Athens Charter 2033 (FDT Development)
The city planning under Otto I was the only formal urban design for modern Athens, the area shaped by this plan is still visible today. However the later development of the city was rather chaotic and unplanned, the endless repetition of Parkatoikía seemed to make the second urban planning for Athens become a permanent paradox.
Le Corbusier’s Athens Charter 1933 was one of the most influential yet controversial documents in the history of modern urban planning, which heavily influenced the later concept of Linear City. Although the document’s content has little relationship with the specific city of Athens, its name seems to indicate that it would affect Athens someday in the future.
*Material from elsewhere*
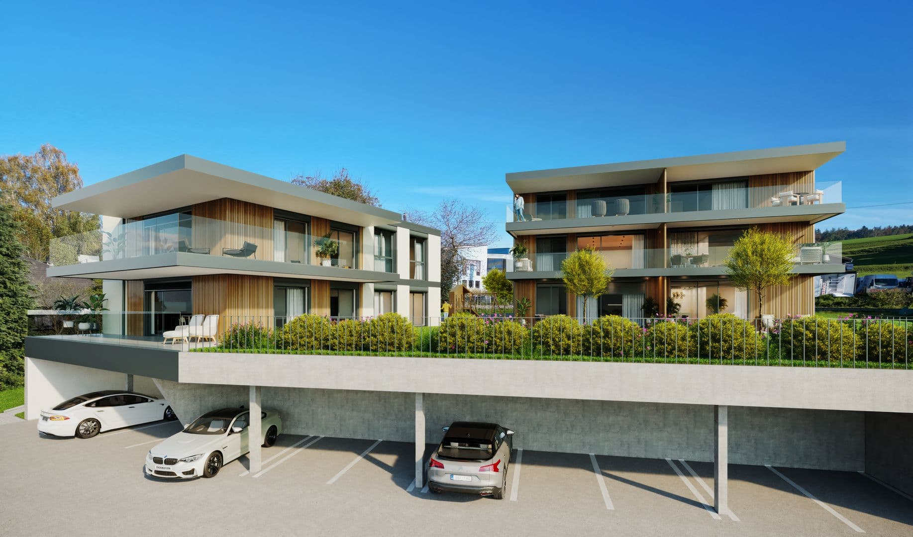 Des places de parking couvertes sont disponibles en supplément au prix de CHF 30'000.– par unité, en sus du prix de vente des appartements.
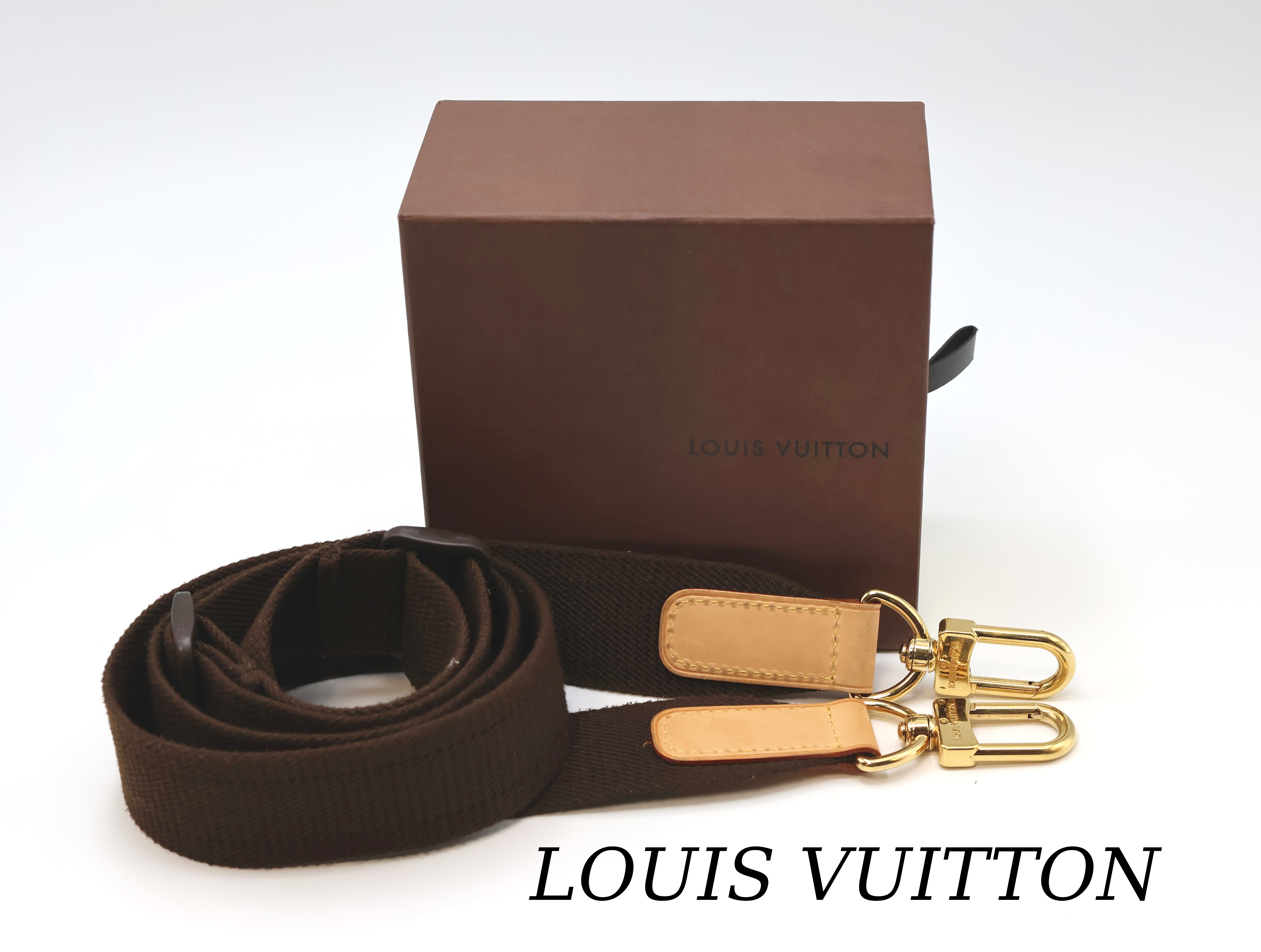 LOUIS VUITTON Tragegurt, brauner Stoff, Rindslederabschluss, Monturen Metall verg.,

The thesis project’s own linear form provides the potential of introducing the radical concept of Linear City: at the macro level, this line is infinitely extended to form a new city axis, on which all potential empty plots or abandoned Parkatoikías would be used or reused as new public spaces; at the micro level, the new special and replicable form of Stoa adopted by the project would be the prototype for this axis.
This proposal would be a new city planning document – Athens Charter 2033. While Corbusier’s Athens Charter 1933 was a universal manifesto calling for the real demolition of crowded historical city centres to make way for high-rise residential blocks, the Athens Charter 2033 is a proclamation specifically for Athens that advocates the metaphorical and ethical destruction of the ruins by building a long-span linear axis for public life, which gently weaves into the city, connecting the fragmented urban fabric in a simple but powerful manner.